It should be appreciated that convolutional neural networks (Convolutional Neural Network, CNN) are a deep learning network model, primarily for processing data having a grid structure, which are widely used in the field of computer vision, are capable of effectively capturing spatial local features in images, and have translational invariance. The main components of the convolutional neural network model are as follows: 1. input layer: the image or region of interest is accepted as input. 2. Convolution layer: features in the input data are extracted through a series of convolution operations. The convolution operation uses a convolution kernel (also called a filter) to perform a sliding window calculation on the input data to capture local features. 3. An activation layer: nonlinear transformation is introduced to increase the expressive power of the network. Common activation functions include the ReLU (RECTIFIED LINEAR Unit) function. 4. Pooling layer: the feature map is reduced in size by a downsampling operation while retaining the important features. Common pooling operations include maximum pooling and average pooling. 5. Output layer: and converting the feature mapping obtained through convolution, activation, pooling and other operations into a final feature vector representation. The convolutional neural network model has the advantage that it can automatically learn the feature representation in the image without manually designing a feature extractor. Through the training process, the network can learn the features useful for the task, thereby achieving feature extraction and description of the region of interest. In remote sensing image positioning, semantic features of the region of interest can be extracted by using a feature descriptor based on a convolutional neural network model and used for subsequent positioning result determination.

Meanwhile, acquiring an image positioning requirement description; and carrying out semantic coding on the image positioning requirement description to obtain an image positioning requirement description feature vector. Here, the image localization requirement description is a natural language description, which is a way for human beings to understand and express information, but a computer cannot directly understand and recognize text data. By carrying out semantic coding on the image positioning requirement description, natural language can be converted into a numerical feature vector which can be processed by a computer, semantic information in the image positioning requirement description is extracted, so that specific requirements and expectations of an image positioning task can be accurately understood, and a target and a range of positioning are clearly defined.

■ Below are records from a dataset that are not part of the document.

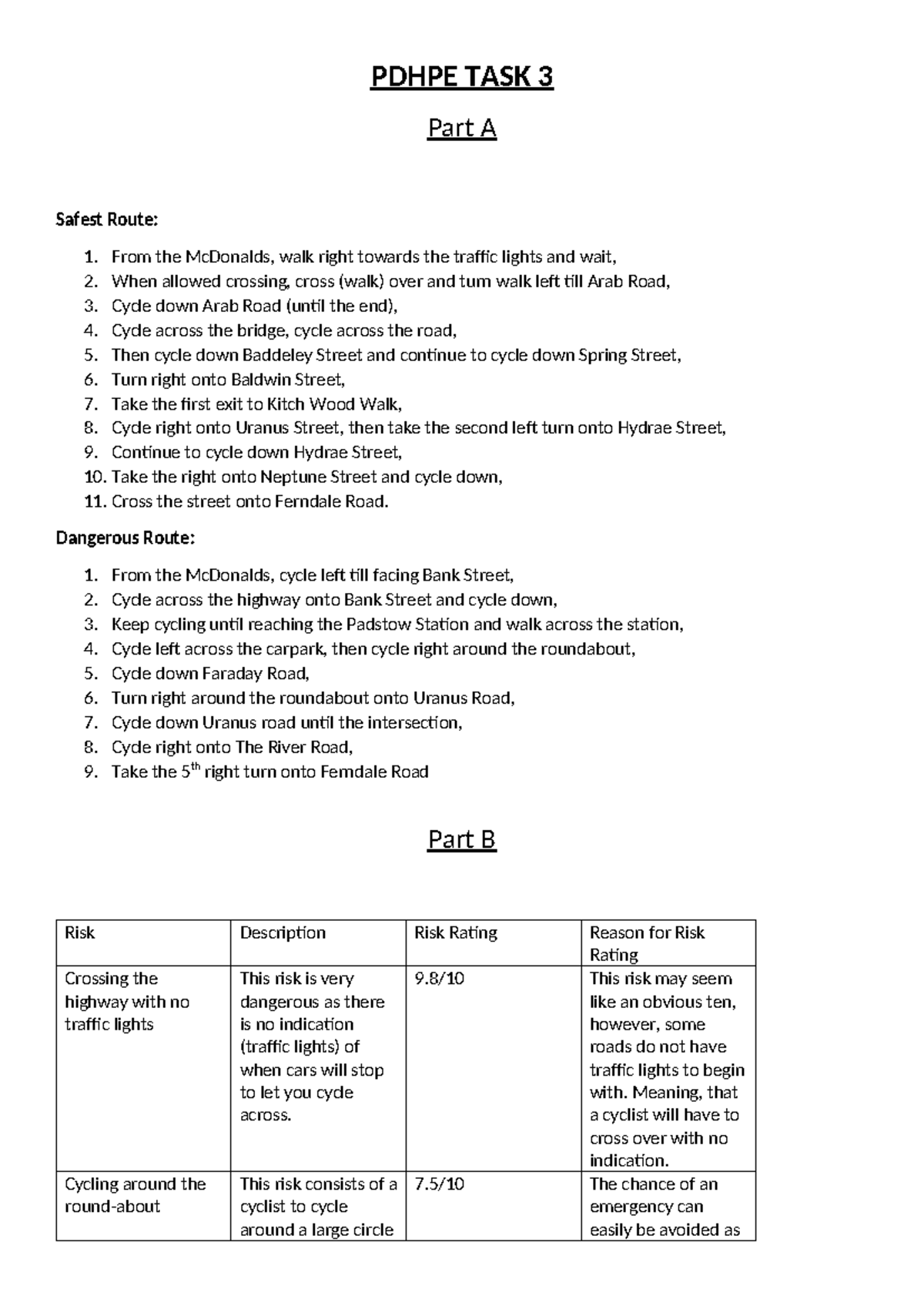 Pdhpe TASK 3 - ppppppppp - PDHPE TASK 3 Part A Safest Route: 1. From ...
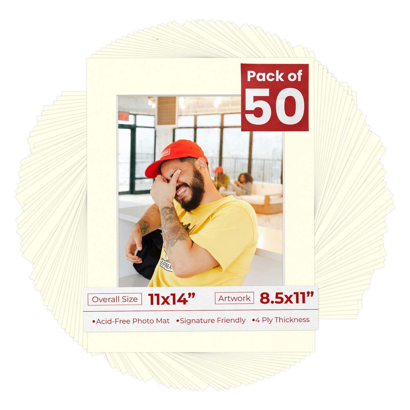 Cream Linen Mat Board for 11x14 Frames - Fits 8.5x11 Photos
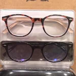 New in package Rae Dunn 2.00 Reading Glasses Set - Brown Animal Print and Black- Cute have the words LOOK on the side
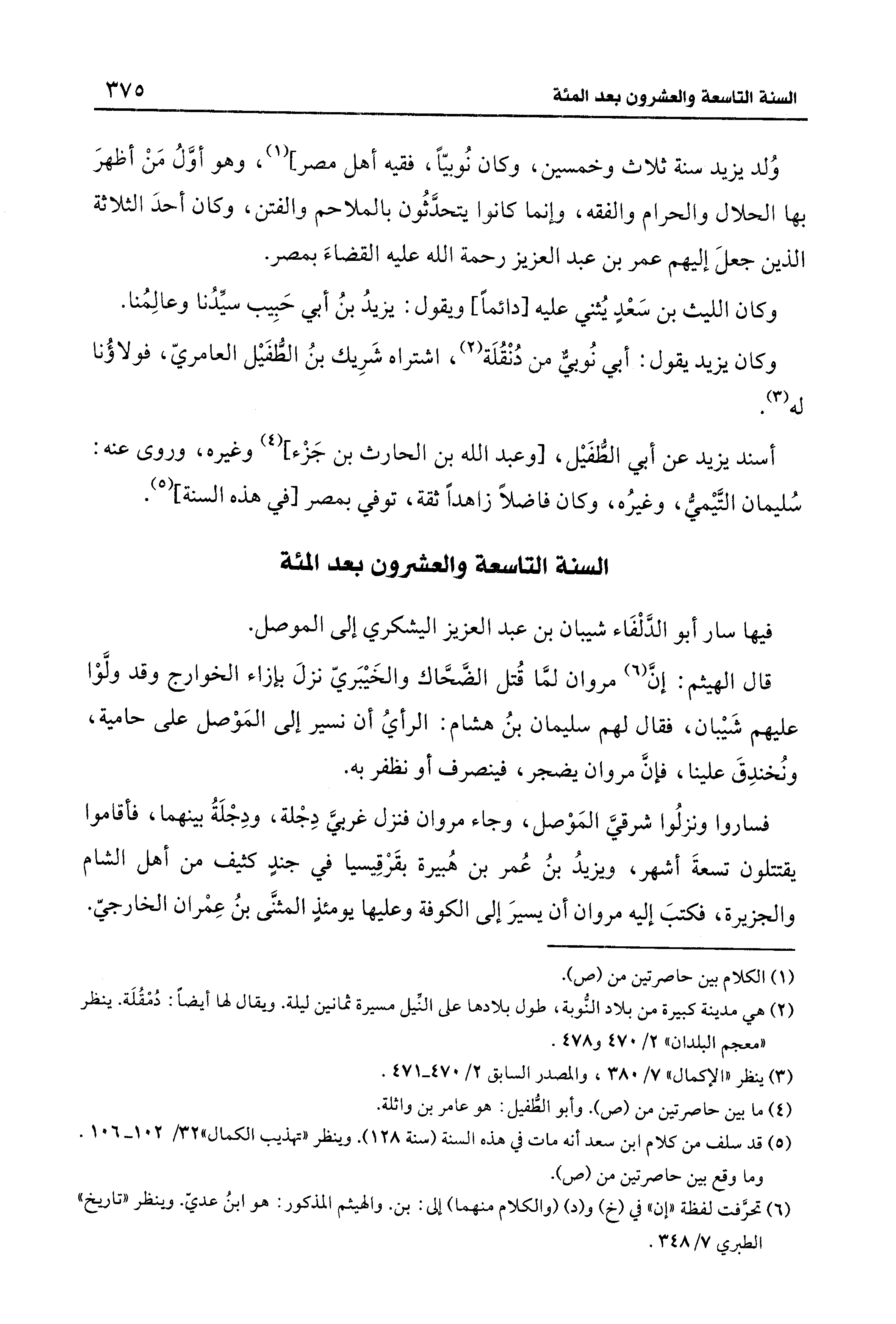 فساروا ونزلُوا شرقيَّ المَوْصل، وجاء مروان فنزل غربيَّ دِجْلة، ودِجْلَةُ بينهما، فأقاموا يقتتلون تسعةَ أشهر، ويزيدُ بنُ عُمر بن هُبيرة بقَرْقِيسيا في جندٍ كثيف من أهل الشام والجزيرة، فكتبَ إليه مروان أن يسيرَ إلى الكوفة وعليها يومئذٍ المثنَّى بنُ عِمْران الخارجيّ.
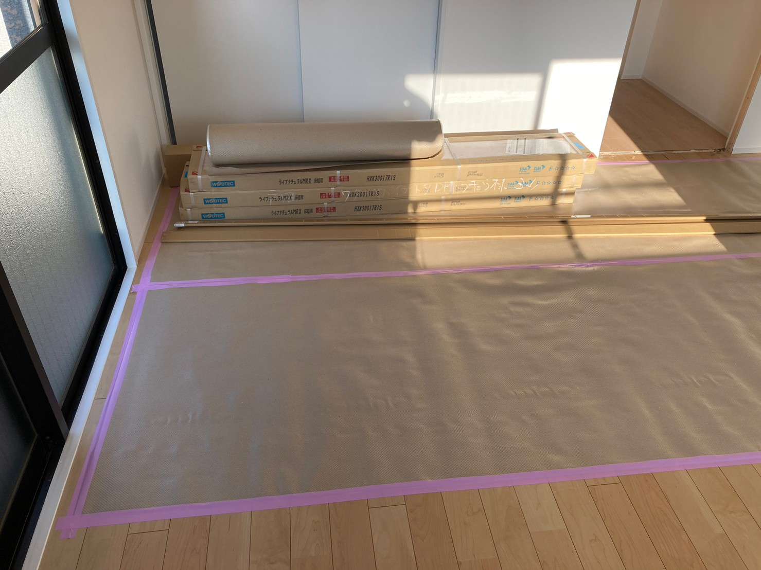 合板の捨張(フローリング下地)の施工とフローリング張り作業

Then, a projection layer is used for respectively fusing the image positioning requirement description feature vector and each region of interest description feature vector in the plurality of region of interest description feature vectors to obtain a plurality of semantic matching feature vectors. That is, the image positioning requirement description feature vector and each region of interest description feature vector are mapped into the same semantic feature space through a projection layer for semantic matching.

Further, the plurality of semantic matching feature vectors are passed through a classifier to obtain a plurality of classification results, each of which is used to indicate whether the degree of matching exceeds a predetermined threshold. In the actual application scene of the application, each interested area corresponding to each corrected semantic matching feature vector with the matching degree exceeding a preset threshold is used as a positioning area to obtain a plurality of positioning areas; and taking the plurality of positioning areas as the positioning result.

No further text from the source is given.